# techbunker: I wish small computer clubs existed

When I was a kid, I used to hang out at a cybercafe near my aunt's place. Places like this were later dubbed "internet cafes", but back then the internet wasn't really a thing. The machines were connected to each other and people played Quake II, Red Alert II, and typical LAN games like that. Lacking pocket money, I mostly just watched other people playing. It was quite fun. Such local play has a completely different vibe than online gaming.

Later I hung out at my high school's computer room. This was much better because I didn't need to pay to use the machines there. But the machines were older and not connected to a network. We mostly played local multiplayer games. Eventually we got more powerful, networked machines and then we could play shooters too. We had a blast!

These experiences died down during my university years even though the university had a much bigger computer lab. I don't fully remember why. We probably started having our own laptops, so we could play anywhere we wanted, and thus we didn't need the lab machines. Maybe we had rules against installing games too.

But at university I had another local activity: programming contests like ACM. Those were thrilling too: you tried hard to solve the problems and afterwards you hung around and discussed solutions. Even I could somewhat socialize there as a person who is otherwise incapable of even rudimentary social interactions.

This atmosphere is completely gone from my workplace nowadays. We can't even reinstate it. Everything has to be locked down, everything has to be secure, just because the internet has become such a crazily dangerous place.

These computer labs were like a third place for me. They are gone and I realized I quite miss them. So let me braindump what I wish existed.

## Description

I wish that bigger cities had a small, non-profit, offline computer club that anybody could join. Imagine a big room with about 12 machines mostly for playing simple video and coding games together.

I want this place to be an escape from the modern distracting world, a technology bunker. The machines are networked with each other; people can interact with each other within the room, but not with the outside internet. The room is a Faraday cage; the wifi modules on the machines are physically disabled. If people are there, I want them to be present, not chatting on their smartphones with outsiders.

The machines would be cheap Raspberry Pis with a monitor, keyboard, mouse, and two gamepads attached. They would run some niche OS like a BSD or similar, just to avoid mainstream stuff. The OS would be ephemeral so if you reboot a machine, you get back a pristine machine. Games, compilers, documentation, user data could be stored on a NAS that is also accessible by all the machines.

Ideally it would be near the city's transport hub but somewhat hard to find. I don't want to attract foot traffic; I just want it to be at an easily accessible place so I have fewer excuses not to hang out there. Knowledge about the club would spread via word of mouth or people could discover it when they searched online for old-school LAN party places or local coding competitions.

## Usecases

Old networked games like Doom, Warcraft, Red Alert would run just fine on old machines. Emulated SNES games could also be played with the two attached controllers. These games are still quite fun with the right people!

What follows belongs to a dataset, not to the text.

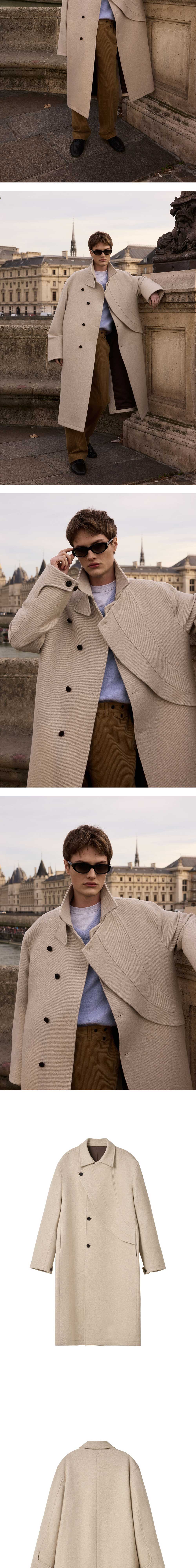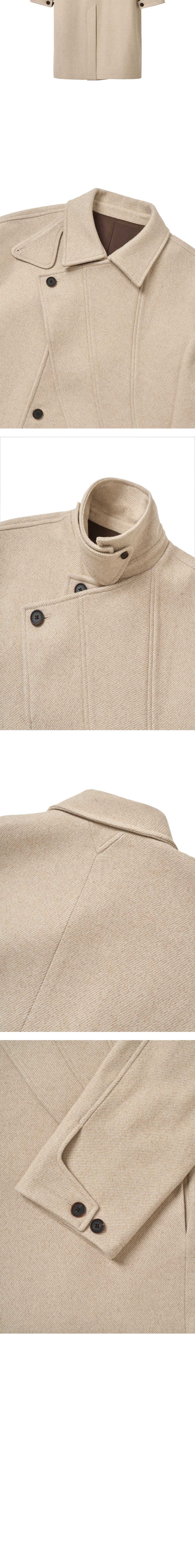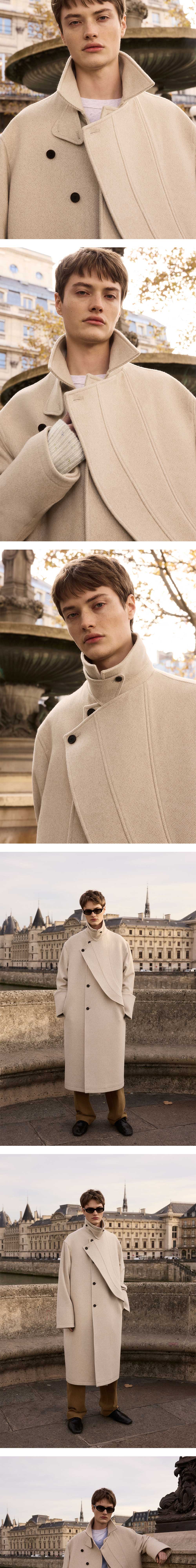 - 루즈 핏 - 하이넥 실루엣 - 헤링본 패턴 - 레이어드 건플랩 디테일 - 절개 디테일 - 카라 비조 디테일 - 소매 비조 디테일 - 로고 각인 소뿔 단추

Or this would be the perfect place to host small, local programming competition parties. For example, host a weekly 45-minute programming competition with some AI generated tasks. You don't even need to have strong testcases. Just have another 20-minute section after the coding part where you can read other people's code and submit testcases to break it. I love this, and I bet you can find 12 interested people in a big city for this to be a regular weekly event.

People could hold local game jams or coding hackathons here. Educators should be able to reserve the room to teach programming basics to interested people. You don't need the internet for this either. Believe it or not, it is possible to code without internet and AI. If you didn't know something, you would need to ask ... the human mentor in the session! It's enjoyable to learn together, which is another experience that we are losing through the internet and AI.

## Rules

I want to have some strict rules to maintain the retro bunker / sanctuary vibe for the place:

Anyway, this is just a raw collection of ideas. The point is that this space could be a nice third place for folks with the above described niche interests. I would love to regularly attend such a place, especially for the low-tech coding jams. Plz, start such a club if you have the means for it.